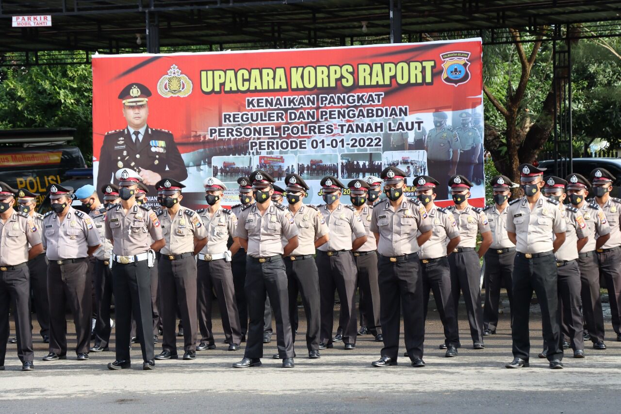 Adapun Personil Polres Tanah Laut yang melaksanakan Korps Rapot Kenaikan Pangkat sebanyak 55 Personil dengan rincian sebagai berikut dari AKP ke Kompol Pengabdian (1 personil ), IPTU ke AKP ( 4 personil ), AIPDA ke AIPTU (4 Personil), BRIPKA ke AIPDA ( 21 personil ), BRIGADIR ke BRIPKA ( 9 personil), BRIPTU ke BRIGADIR (1 Personil) dan BRIPDA ke BRIPTU (3 Personil).
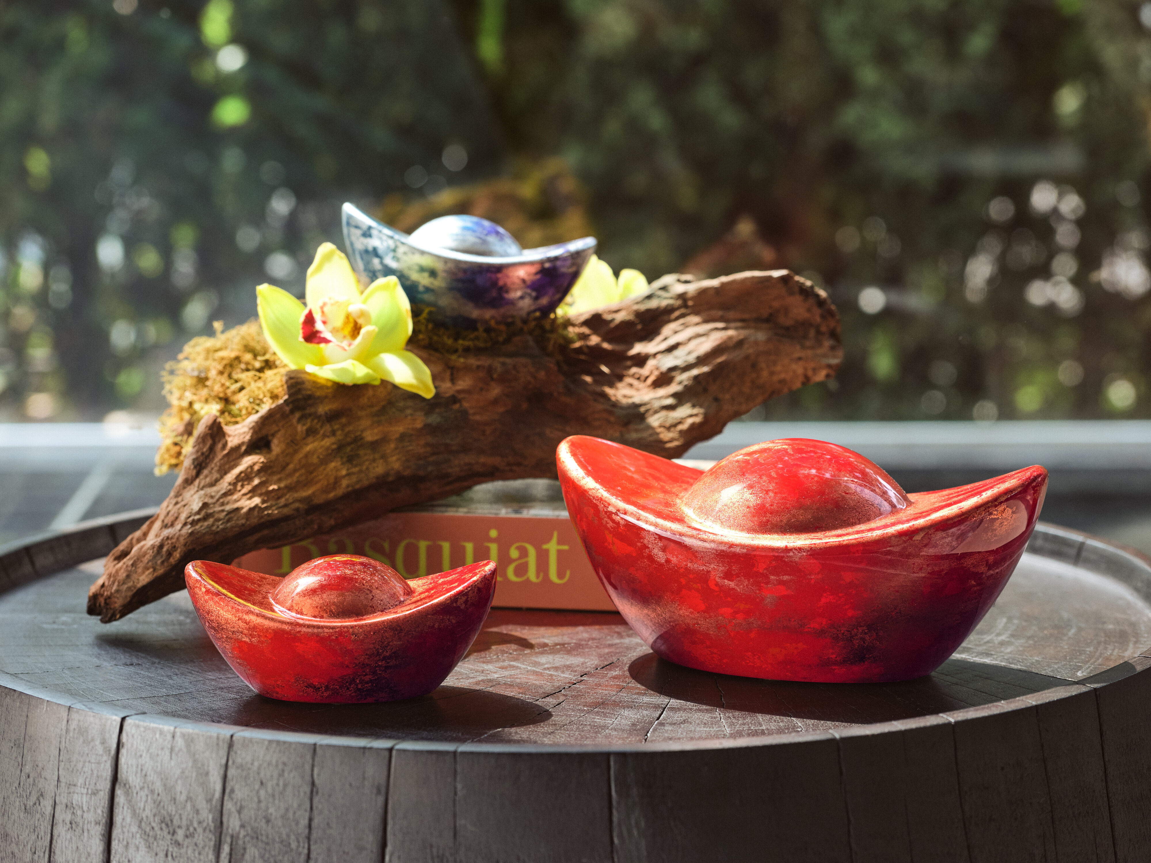 Thỏi vàng cũng là một phần không thể thiếu với những người yêu thích sự sang trọng, quý phái. Đã lâu, nguyên mẫu Kim Nguyên Bảo được biết đến là vật hút tiền tài, thịnh vượng trong quan niệm dân gian, đến nay, thứ quà đó được sở hữu diện mạo mới đặc sắc từ những mảng màu phong phú của lớp lá bạc phủ khắp bề mặt. Dáng hình nhỏ mà giá trị lớn, thỏi vàng là một món đồ trang trí mang đậm hồn Việt dành cho người sở hữu.
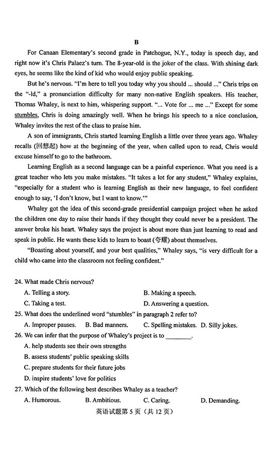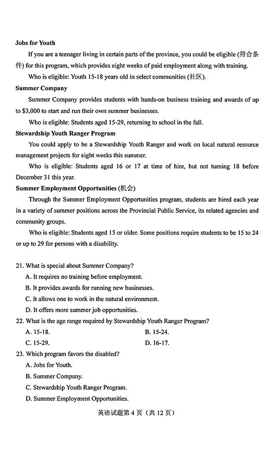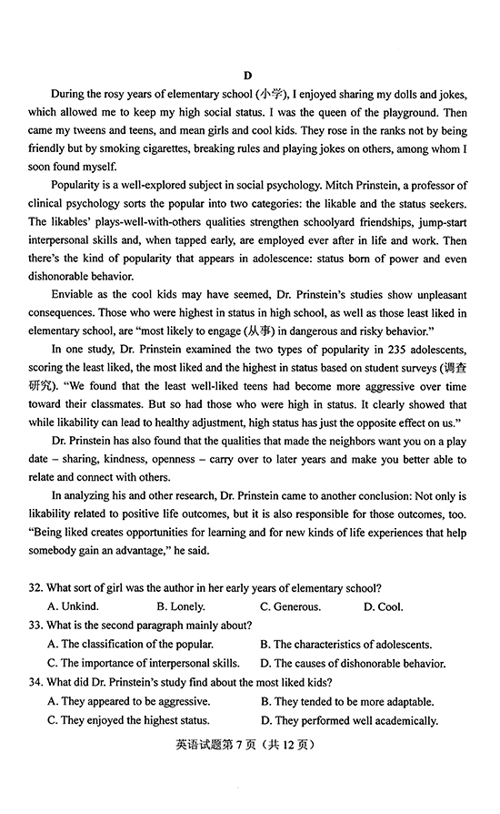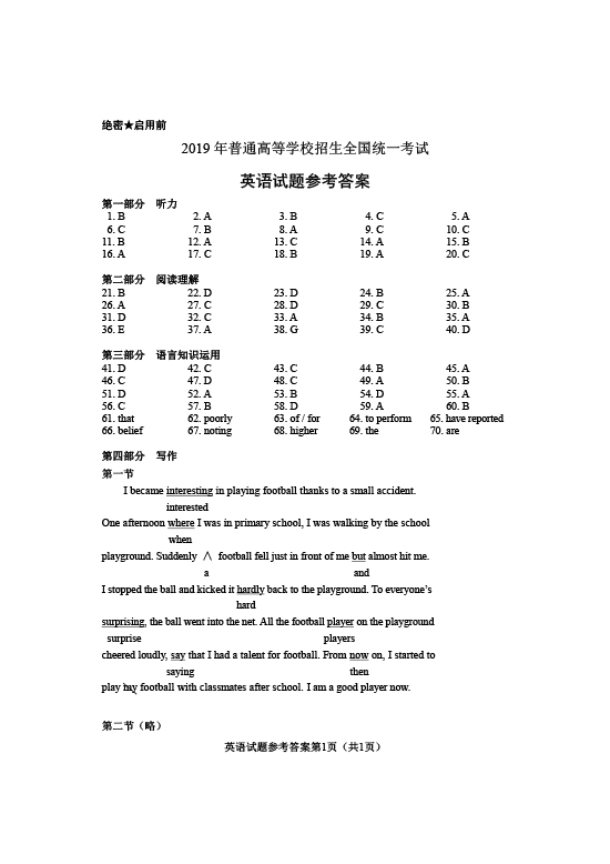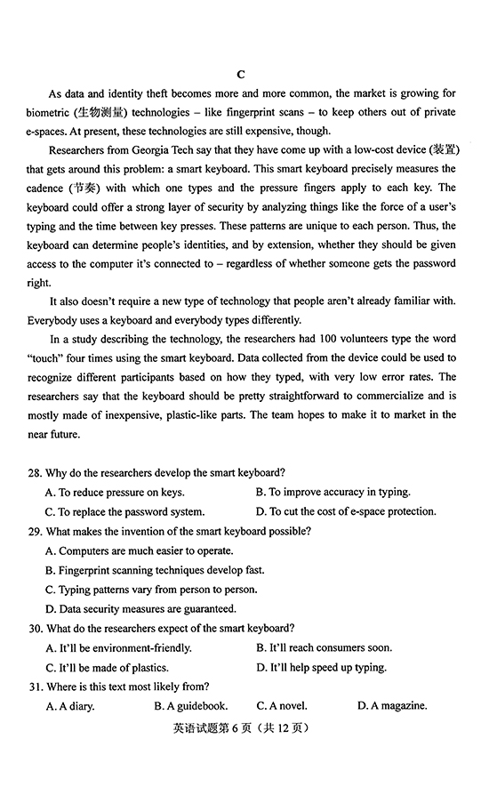 湖南高考頻道從湖 北省教育考試院了解到,2019年湖南高考英語試卷及答案已公布,湖南高考英語試卷及答案具體如下:

> REQUIRED ACTION:
Repeat the listing in full and exactly. Leave any pictures out.

> WRITTEN SOLUTION:
 Adapun Personil Polres Tanah Laut yang melaksanakan Korps Rapot Kenaikan Pangkat sebanyak 55 Personil dengan rincian sebagai berikut dari AKP ke Kompol Pengabdian (1 personil ), IPTU ke AKP ( 4 personil ), AIPDA ke AIPTU (4 Personil), BRIPKA ke AIPDA ( 21 personil ), BRIGADIR ke BRIPKA ( 9 personil), BRIPTU ke BRIGADIR (1 Personil) dan BRIPDA ke BRIPTU (3 Personil).
 Thỏi vàng cũng là một phần không thể thiếu với những người yêu thích sự sang trọng, quý phái. Đã lâu, nguyên mẫu Kim Nguyên Bảo được biết đến là vật hút tiền tài, thịnh vượng trong quan niệm dân gian, đến nay, thứ quà đó được sở hữu diện mạo mới đặc sắc từ những mảng màu phong phú của lớp lá bạc phủ khắp bề mặt. Dáng hình nhỏ mà giá trị lớn, thỏi vàng là một món đồ trang trí mang đậm hồn Việt dành cho người sở hữu.
 湖南高考頻道從湖 北省教育考試院了解到,2019年湖南高考英語試卷及答案已公布,湖南高考英語試卷及答案具體如下:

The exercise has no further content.